Josh appears around a corner and meets me with a grin. ‘You’re up! Did you find the breakfast I left you?’
‘I did, thank you.’
He moves forward to kiss me, before introducing me. ‘This is Tony.’
Tony grins and says hello before turning off to continue his work.
‘Want to meet everyone else?’ Josh offers.
‘Sure.’
‘Shall we start with humans or cows?’ he teases.
‘Ha! Humans, please.’
Josh calls over to another man in his thirties, who’s had his back to me in the far distance, and he turns, squints a bit, smiles and shouts hello. I wave back, say hello and then turn to Josh.
‘What time did you get up?’
‘Five-thirty, as usual.’
‘Ugh!’ I calculate: it’s 10 a.m. now. ‘You’ve been up hours.’
‘I have. Remember it’s my cardio?’
‘Oh yeah,’ I smile at him, and his gaze holds mine before he dips his head and kisses me briefly.
‘Did you sleep OK?’ he asks.
‘Like a baby,’ I reply.
‘Babies sleep terribly, don’t they? Screaming and crying?’ Josh says knowingly.
‘I wouldn’t know,’ I say. ‘I’ve no clue how babies work.’
He opens his mouth, looks as if he wants to say something and then stops himself at the last second. I’m desperate to know what he’s thinking. Josh looks down at my feet and raises his eyebrows. ‘I thought you said you’d brought wellies?’
‘I didn’t know I’d need them the minute I stepped out the front door,’ I wail.
‘I should have said,’ he tells me. ‘Well, if you want to come and meet the cows, you can trek up to the house and swap your footwear or I can carry you over the threshold …’ He looks around us at the state of the freshly washed and very flooded floor. ‘Or around the whole building. What’s it going to be? Leap into my arms or head back to the house?’
‘I can’t be bothered to go back up there, so it’s arms, please,’ I say and squeal with delight as Josh lifts me up and carries me, my legs wrapping around his waist.
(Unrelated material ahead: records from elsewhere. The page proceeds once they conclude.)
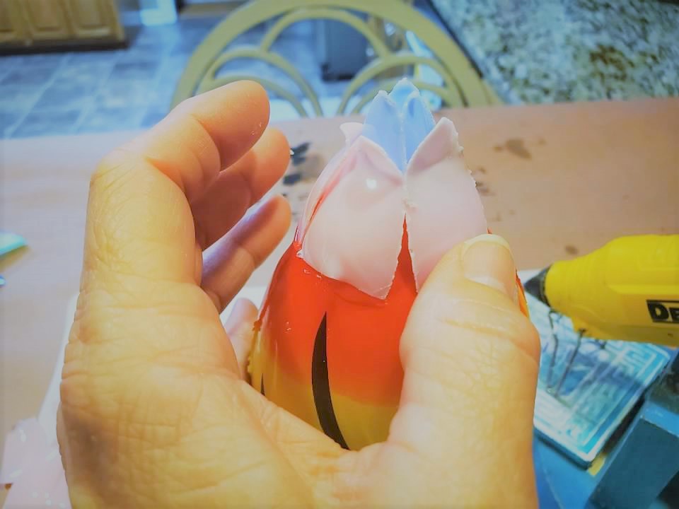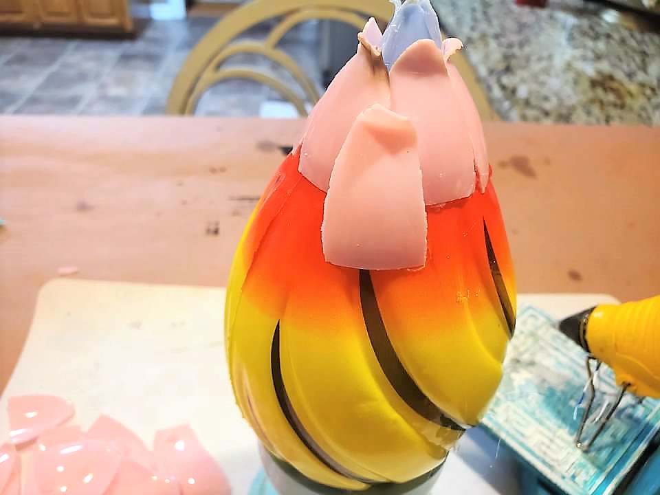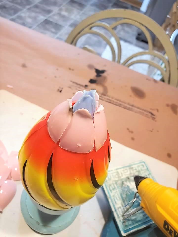 • Apply hot glue to the bottom of each petal.  Glue each petal around the topper.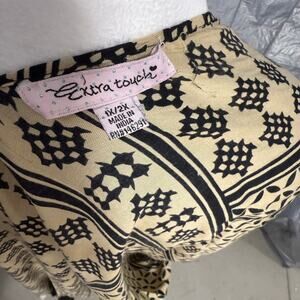 Extra Touch Women’s Duster Kimono Fringe Hem Open Front 1X/2X Black Tan Boho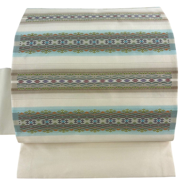 【名古屋帯】 白系 クリーム 逸品 A 帯丈366cm~400cm 30000- 美品 五万以上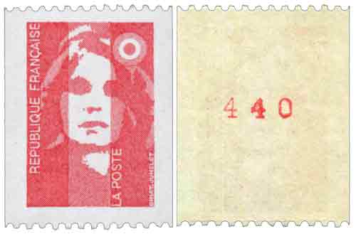 | Commentaire | Roulette de 1000 timbres-poste avec numérotation en rouge au dos tous les 5 timbres. Le premier numéro est 000, le dernier est 005. En savoir plus sur Wikipédia : Marianne du Bicentenaire |

I scout around for hay bales. ‘This is inappropriate behaviour for your place of work,’ I tell him.
‘I’m the boss. It’s all good,’ he replies, before depositing me in front of a series of metal pens on a slightly less-wet patch of floor.
‘So what are we doing, and can I help?’ I ask.
‘Putting more food in here for the cows, so when they come in they can eat while being milked.’
Josh tells me what to do and lets me help. I’m intrigued by his work and excited by the prospect of helping animals eat so they can be milked, though I’ll bet the novelty wears off quickly.
‘Do you enjoy doing all this?’ I ask as I help pull armloads of hay into troughs.
‘I don’t think about it,’ Josh says with a shrug. ‘I guess so. There are boring bits and fun bits. It’s ever-evolving and I’m used to it. I wouldn’t know what the hell else to do if I didn’t do this. It’s the perils of taking on a house and a job together. It’s been in the family so long that I’m tied to it. It’s all I’ve known. It’s all I’ve wanted to know.’ He carries on loading hay as we move along. I admire this. Josh has a job and a beautiful home and he’s in charge of his own destiny, which is more than I can say for myself.
When we finish we move off and then he spins round, remembers to pick me up again, and I distract him by kissing him on his neck while he tries to walk us both outside. He murmurs his appreciation.
‘Want to meet the cows?’ he asks as we head into the field. He lands me on a patch of grass and I lean against the wide metal gate and look out at his herd of black-and-white cattle.
‘They’re Holsteins,’ he says.
‘They’re beautiful,’ I say, a wistful expression on my face. ‘And you butcher them for beef.’
‘Don’t start,’ he continues with a smile, seeing my face. ‘I know exactly what you’re about to say. But where do you think your food comes from?’
‘But their little faces ,’ I say.
‘These are dairy,’ he tries to placate me. ‘Milk. That’s our core business.’
‘And, soon, ice cream,’ I say as a cow moseys over. She nuzzles Josh and then me with her warm nose, thick eyelashes and beautiful face.
‘Oh God, they’re like pets,’ I say softly, stroking her nose.
‘Hmm,’ Josh says sceptically, picking me back up again. I’m not sure that it’s essential, but I enjoy it nonetheless. A cow trots after us merrily as if to follow us back to the farmhouse.
I lean towards Josh’s ear and whisper, ‘See? They’re like pets.’
‘Stop saying that,’ he says with a laugh.